Our achilles heel last season was our away form. This has probably seen our most dramatic progression. Early on in the season it began by turning defeats into draws, now we look to have made the full transformation by turning the draws into wins. Only Fulham have managed to beat us on their own turf since August. The Merseyside Derby win on Wednesday bore full testament to the hard-work Benítez has put into Liverpool Football Club. The dramatic change around in fortunes between both ourselves and Everton is a prime example that class is permanent and form is temporary.


The 25th May will, of course, be the reason that 2005 is always remembered by Liverpool fans.  From the brink of embarrassment, to the heights of glory, it was a night that everybody who witnessed it will never forget.  It was the greatest final in the history of European Football. A match for the ages.

After finishing fifth and behind bitter rivals Everton, reaching the Champions League Final had allowed Reds to retain hope in their hearts and despite being huge underdogs against Milan, we silenced the critics once again.

It seems now, looking back, like some sort of hazy dream.

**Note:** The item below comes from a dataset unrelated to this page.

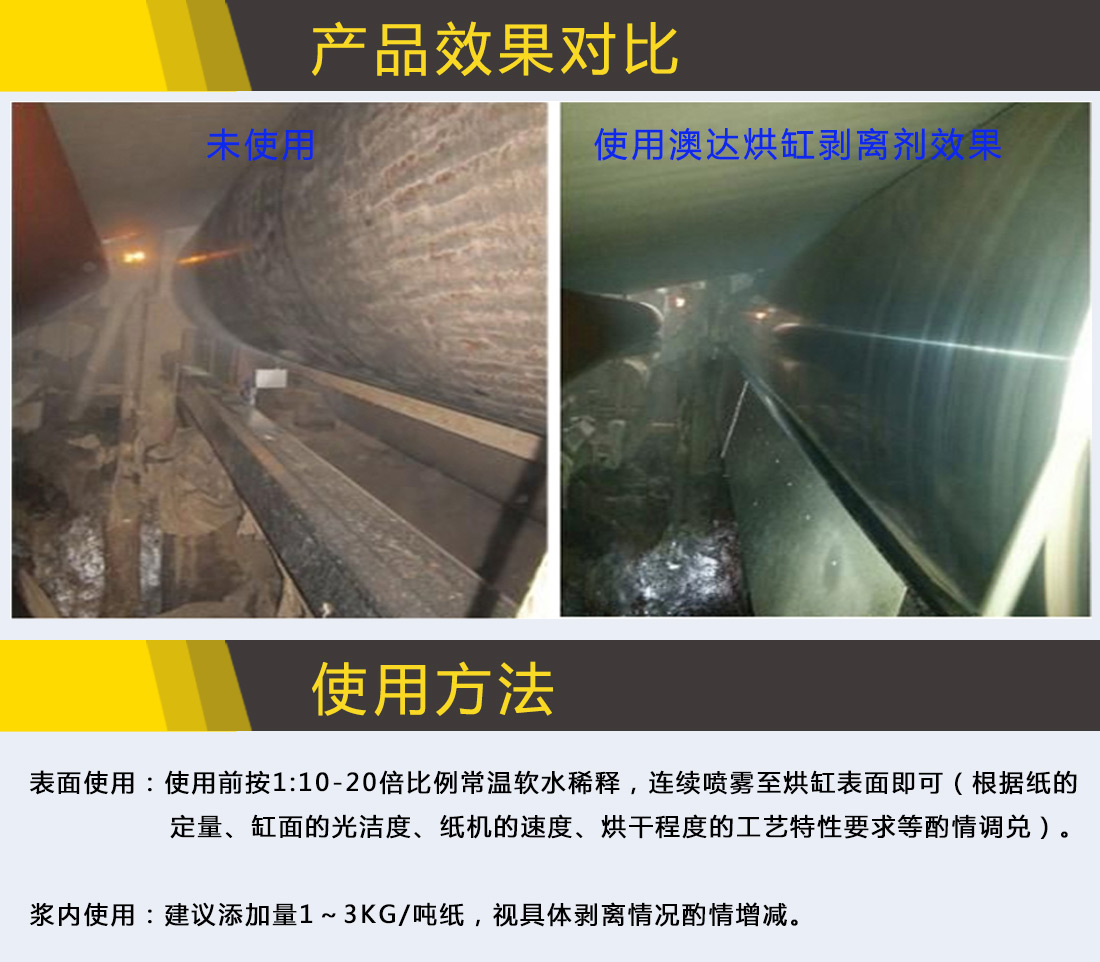 1、有效改善各種紙在生產中粘缸和掉紙粉等現(xiàn)象; 2、提高紙纖維柔軟性、平滑性,使紙幅與烘缸表面的摩擦減少、賦予紙品特殊的光亮性、紙頁無油斑; 3、不僅解決粘缸現(xiàn)象,而且還保持干網(wǎng)的清潔; 4、任意比例水稀釋不分層、不破乳、分散性好,不堵噴頭; 5、因為非離子性,與其它化學品配伍性好; 6、用量少、操作方便、剝離效果好。

Somehow, somewhere between the players on that green pitch, the fans that outnumbered their Italian rivals three or four to one and the managerial staff in the dressing room at halftime and at the side of the pitch for the rest of the game, Liverpool conjured a win. Somehow.

3-0 down against an Italian team … it just doesn’t happen.

Game, well and truly, over.

The Liverpool players will surely just be playing for pride …

What will Rafael Benítez be saying to the players?

Some say it was fate, others put it down to Rafa's half-time team-talk, others to the Scouse hearts of Gerrard and Carragher willing the team forward.  All I know is that Richard Keys hosting the coverage for Sky was right when he said that you may never, ever see another final like it. Of course that's excluding every other night when I watch the DVD again!

While a few mealy-mouthed critics questioned whether we were worthy champions, the vast majority of Europe hailed our stunning win. As Simon Bank in Sweden's Aftonbladet so memorably put it:

"Worthy Champions? Huh? I see Xabi Alonso dance, Steven Gerrard laugh, I hear 45,000 sing You'll Never Walk Alone. I have seen Liverpool beat Milan in the greatest final that has ever been played. Liverpool-Milan 6-5 (0-3). The question is not if they were worth it. The question is if we were worthy of watching."

So, here’s to 2006 – hopefully we'll see Benitez continue to bring in more class in the transfer windows, witness many more great games, be placing many more trophies in our ever-growing cabinet and get that extra bit closer to Chelsea in the league.

Cheers and all the best for the New Year.